* Instructions to follow:
Would you output the entries below only from the line containing "16′: Es fahren" through the line containing "The ultimate waterfront", exactly as they stand and with both ends included?

* Records from a collection:
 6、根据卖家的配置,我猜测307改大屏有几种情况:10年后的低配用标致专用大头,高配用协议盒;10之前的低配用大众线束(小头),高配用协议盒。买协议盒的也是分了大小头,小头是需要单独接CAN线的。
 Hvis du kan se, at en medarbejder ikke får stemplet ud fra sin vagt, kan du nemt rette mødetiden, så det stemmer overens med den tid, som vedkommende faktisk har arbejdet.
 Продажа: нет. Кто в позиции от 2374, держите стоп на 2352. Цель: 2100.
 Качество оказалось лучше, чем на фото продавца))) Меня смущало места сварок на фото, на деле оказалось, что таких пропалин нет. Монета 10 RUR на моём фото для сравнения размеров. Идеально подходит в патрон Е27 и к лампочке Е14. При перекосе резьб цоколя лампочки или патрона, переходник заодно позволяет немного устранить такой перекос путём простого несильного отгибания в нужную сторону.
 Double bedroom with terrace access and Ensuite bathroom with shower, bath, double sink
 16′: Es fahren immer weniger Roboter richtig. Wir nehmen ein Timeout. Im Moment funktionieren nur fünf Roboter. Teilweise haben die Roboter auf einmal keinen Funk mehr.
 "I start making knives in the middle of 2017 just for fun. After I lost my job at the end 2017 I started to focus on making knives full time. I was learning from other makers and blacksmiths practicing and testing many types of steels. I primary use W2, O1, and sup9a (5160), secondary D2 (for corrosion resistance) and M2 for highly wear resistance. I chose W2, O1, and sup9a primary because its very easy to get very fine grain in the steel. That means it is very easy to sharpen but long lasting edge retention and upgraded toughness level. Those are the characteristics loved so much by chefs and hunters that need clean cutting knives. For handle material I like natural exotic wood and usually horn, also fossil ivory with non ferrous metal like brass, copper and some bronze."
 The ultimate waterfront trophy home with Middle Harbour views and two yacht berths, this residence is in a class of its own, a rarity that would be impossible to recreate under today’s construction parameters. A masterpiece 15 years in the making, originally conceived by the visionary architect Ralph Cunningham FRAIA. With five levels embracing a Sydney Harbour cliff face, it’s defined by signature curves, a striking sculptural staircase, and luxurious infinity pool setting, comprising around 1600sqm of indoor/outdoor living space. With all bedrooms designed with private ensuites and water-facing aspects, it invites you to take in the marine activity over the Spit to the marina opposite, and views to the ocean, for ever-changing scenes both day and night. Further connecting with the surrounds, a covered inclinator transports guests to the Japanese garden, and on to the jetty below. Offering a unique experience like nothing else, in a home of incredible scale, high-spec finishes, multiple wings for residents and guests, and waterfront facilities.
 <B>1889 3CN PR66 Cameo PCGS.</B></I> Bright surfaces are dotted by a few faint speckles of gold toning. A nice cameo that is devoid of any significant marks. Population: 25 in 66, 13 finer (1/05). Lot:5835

* Response to the exercise:
 16′: Es fahren immer weniger Roboter richtig. Wir nehmen ein Timeout. Im Moment funktionieren nur fünf Roboter. Teilweise haben die Roboter auf einmal keinen Funk mehr.
 "I start making knives in the middle of 2017 just for fun. After I lost my job at the end 2017 I started to focus on making knives full time. I was learning from other makers and blacksmiths practicing and testing many types of steels. I primary use W2, O1, and sup9a (5160), secondary D2 (for corrosion resistance) and M2 for highly wear resistance. I chose W2, O1, and sup9a primary because its very easy to get very fine grain in the steel. That means it is very easy to sharpen but long lasting edge retention and upgraded toughness level. Those are the characteristics loved so much by chefs and hunters that need clean cutting knives. For handle material I like natural exotic wood and usually horn, also fossil ivory with non ferrous metal like brass, copper and some bronze."
 The ultimate waterfront trophy home with Middle Harbour views and two yacht berths, this residence is in a class of its own, a rarity that would be impossible to recreate under today’s construction parameters. A masterpiece 15 years in the making, originally conceived by the visionary architect Ralph Cunningham FRAIA. With five levels embracing a Sydney Harbour cliff face, it’s defined by signature curves, a striking sculptural staircase, and luxurious infinity pool setting, comprising around 1600sqm of indoor/outdoor living space. With all bedrooms designed with private ensuites and water-facing aspects, it invites you to take in the marine activity over the Spit to the marina opposite, and views to the ocean, for ever-changing scenes both day and night. Further connecting with the surrounds, a covered inclinator transports guests to the Japanese garden, and on to the jetty below. Offering a unique experience like nothing else, in a home of incredible scale, high-spec finishes, multiple wings for residents and guests, and waterfront facilities.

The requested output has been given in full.